China's Bai Ying carries the ball against Korea in the women's rugby preliminary round Pool A match on Sunday. China won 51-0. Sam YEH / Agence France-Presse
GUANGZHOU - China demolished Korea 51-0 on Sunday in the first-ever women's rugby match at the Asian Games to confirm its status as the gold medal favorite.
China, the dominant force in women's rugby sevens, turned the match into an artful try-scoring exercise that left the Koreans aghast at the host's speed as it squeezed out nine tries in 15 minutes.
"We didn't know what to do with them. They were so fast and unstoppable," said Korea captain Lee Min-hui, whose team only made its international debut in July. "We felt completely helpless."
China captain Liu Yan said the victory was "easy and comfortable", and predicted it would spur more young Chinese to consider picking up the rough-and-tumble sport.
"It is a great opportunity for the sport to be recognized in China so more people can start to play," said the 24-year-old, who described her introduction to rugby as a case of love at first sight.
"People have so many misconceptions about girls playing rugby in China. They think the sport is violent and not suitable for women," she said.
"But the truth is that we try to avoid body contact as much as possible by picking our tactics carefully and keeping a high pace. It's as much about brains as it is about brawn."
There are less than 30 women playing rugby at a professional level on the mainland, compared to 10 times that number in Hong Kong.
Nine of China's 12 national team members hail from China Agriculture University, which established the country's first women's team in 2004.

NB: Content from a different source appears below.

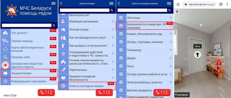 В мобильном приложении «Помощь рядом» появилась виртуальная 3D-карта для молодых родителей. Она создана в результате совместной работы представителей инициативы «Дети в безопасности» и МЧС Беларуси. Цель – предупреждать несчастные случаи с детьми в быту, используя интерактивные средства. Раздел «Безопасность в квартире. 3D панорама» можно найти во вкладке приложения «Энциклопедия» – «Советы молодым родителям».

With rugby sevens set to join the Olympic roster at the Rio de Janeiro Games in 2016, Liu's team has managed to secure funding and training equipment to assist its progress. Teams have also been set up at the provincial level in China to scout more talent for the national side.
"The biggest problem is that we don't have any income playing rugby. We need to hold down full-time jobs to support our dream," Liu said.
"There are many talented students who can't juggle both and have no choice but to quit when they find a job, even though they are passionate about the sport and would love to keep playing."
Zhang Xiaoning, chairman of the China Rugby Football Association, said rugby's popularity at the Asian Games has grown consistently since the men's sevens and union debuted in Bangkok in 1998.
"The highly-competitive, non-stop action has proven a hit with fans and broadcasters across Asia," he said. "We are particularly excited about welcoming women's rugby sevens to Guangzhou. I'm sure it will also be a hit."
Judging by the size of the crowds at University Town Main Stadium, Zhang's prediction was spot-on.
More than 30,000 people turned up on day one of the competition - the highest attendance rate at a venue so far at the Guangzhou Games - to see China make mincemeat of a shell-shocked Korean side, one of four women's games scheduled on Sunday.
"I've never seen this many people cheering for us before. All of the players are thrilled," said Liu. "The fans have filled us with confidence that we can win the gold."
China's biggest rival is Kazakhstan, which took India to the cleaners 50-0, and Thailand, which edged Hong Kong 17-14. Japan beat Singapore 19-12 in the final women's game of the day.
The men's preliminaries also included three fantastically lopsided results, with Japan crushing Mongolia 55-0, Thailand shutting out Mongolia 52-0 and India only managing five points to Korea's 43 on a day that also saw China and Hong Kong win.